4. Apache RocketMQ (The "Business Consistency King")

  • Type: Distributed messaging and streaming with a focus on transactions.
  • Logic: High availability, strictly ordered, high throughput.
  • Best for: E-commerce, Financial transactions, Distributed transactions.
  • Interview Keyword: Distributed Transactions, Strict Order, NameServer.

RabbitMQ Messaging Patterns (Interview Favorites)

1. FIFO (First-In-First-Out)

  • The Default: RabbitMQ guarantees order within a single queue. The first message put in is the first one sent to a worker.

2. Point-to-Point (Work Queues)

  • Pattern: One producer, many workers, but only ONE worker gets any single message.
  • Best for: Heavy tasks (Encoding music, sending emails).
  • Implemented in: rabbitmq_producer.py and rabbitmq_consumer.py.

3. Pub/Sub (Fanout)

  • Pattern: One producer, many workers, and EVERY worker gets a copy of the message.
  • Best for: Broadcasting notifications or configuration changes.
  • Implementation: rabbitmq_fanout_producer.py and rabbitmq_fanout_consumer.py.

4. Routing (Direct)

  • Pattern: Messages are sent to specific queues based on a Routing Key.
  • Example: Sending info logs to one queue and error logs to a more urgent queue.
  • Implementation: rabbitmq_routing_producer.py.

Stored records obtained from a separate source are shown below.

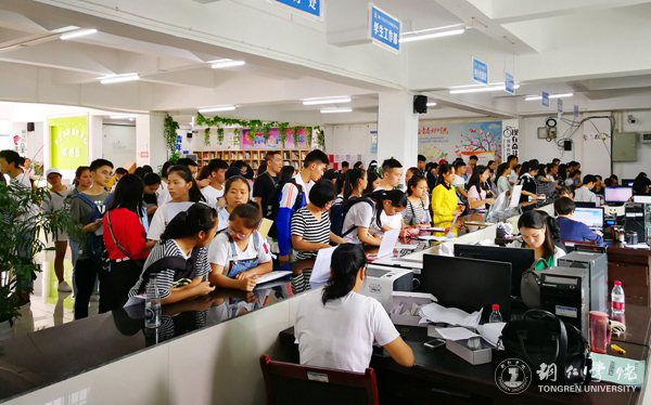 排队办理入学手续的新同学们
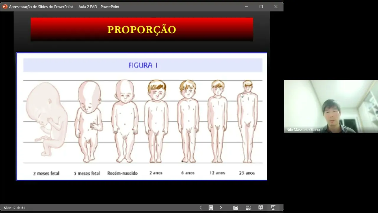 da estatura acaba diminuindo ao longo do tempo então o que que acaba acontecendo né que o tronco eh num recém-nascido é proporcionalmente maior o tronco é cabeça né é proporcionalmente maior do que em relação aos membros então por isso que esse percentual aqui depois ao longo da idade vai diminuindo que os membros vão crescendo mais proporcionalmente em relação ao restante do corpo tá então por isso que tem esse comportamento aqui então como eu falei né a proporção Observe aqui eh dois dois meses né o o feto 5 meses o feto então dois meses a cabeça
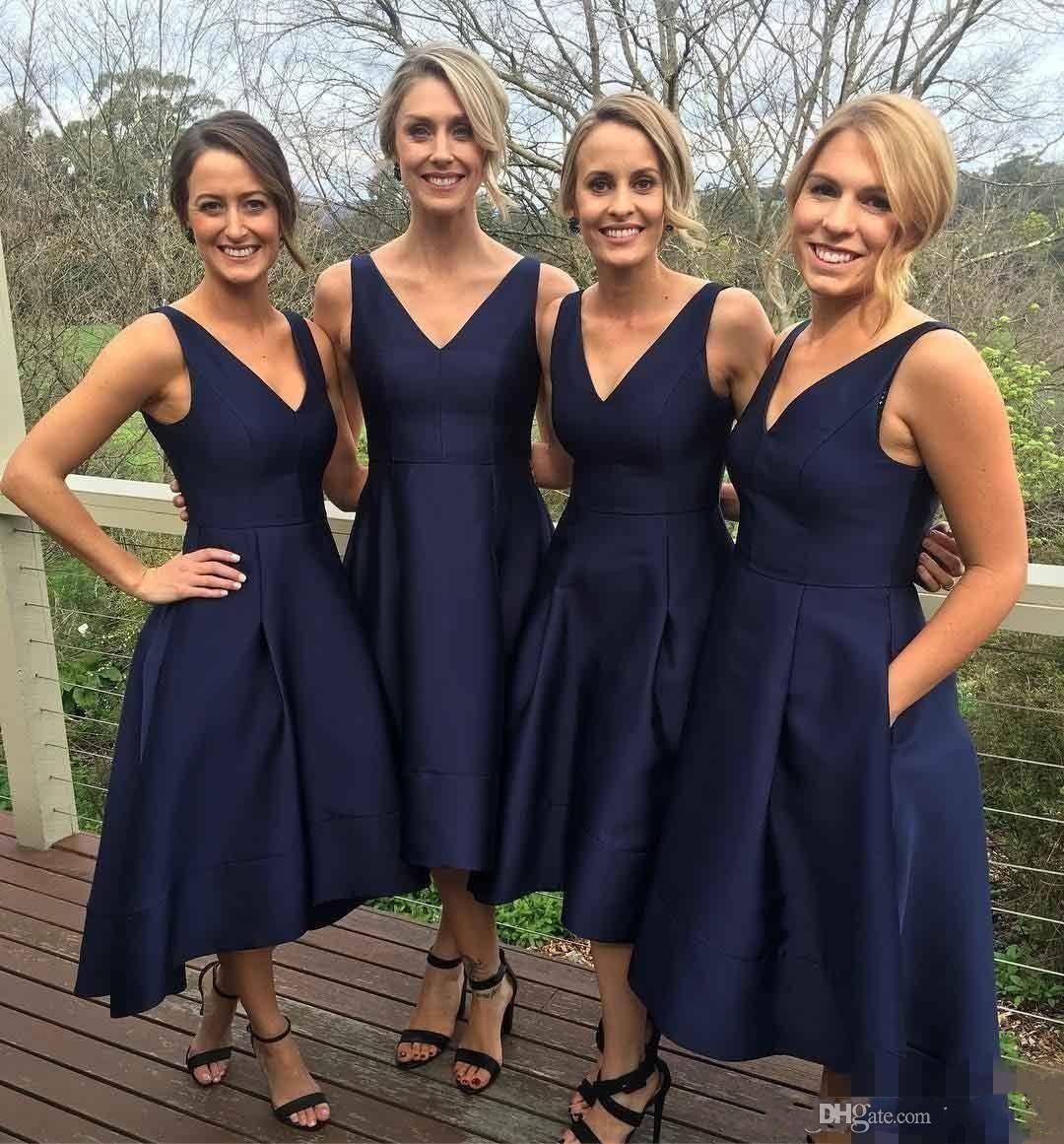 2018 Bridesmaid Dresses V Neck Sleeveless Navy Blue Hi Lo Length Wedding Guest Wear Party Plus Size Maid Of Honor Gowns With Pocket Cocktail Dress
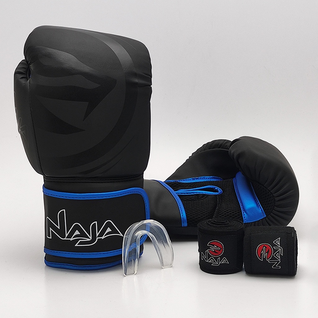 Kit Boxe Muay Thai Naja Black Line + Luva + Bandagem + Bucal

5. Topics (Advanced Pattern Matching)

  • Pattern: Routes messages based on hierarchical keys and wildcards (*, #).
  • Implementation: rabbitmq_topic_producer.py and rabbitmq_topic_consumer.py.

6. RPC (Remote Procedure Call)

  • Pattern: Request-Reply. The client sends a request and waits for a response on a "callback" queue.
  • Best for: Offloading heavy synchronous work (e.g., "Calculate this complex report and send me the result").
  • Implementation: rabbitmq_rpc_server.py and rabbitmq_rpc_client.py.

7. Headers Exchange

  • Pattern: Routes based on message Headers (metadata) instead of a Routing Key.
  • Logic: Can use x-match: all (all headers must match) or x-match: any.
  • Best for: Complex routing that depends on multiple attributes (e.g., format: pdf AND language: fr).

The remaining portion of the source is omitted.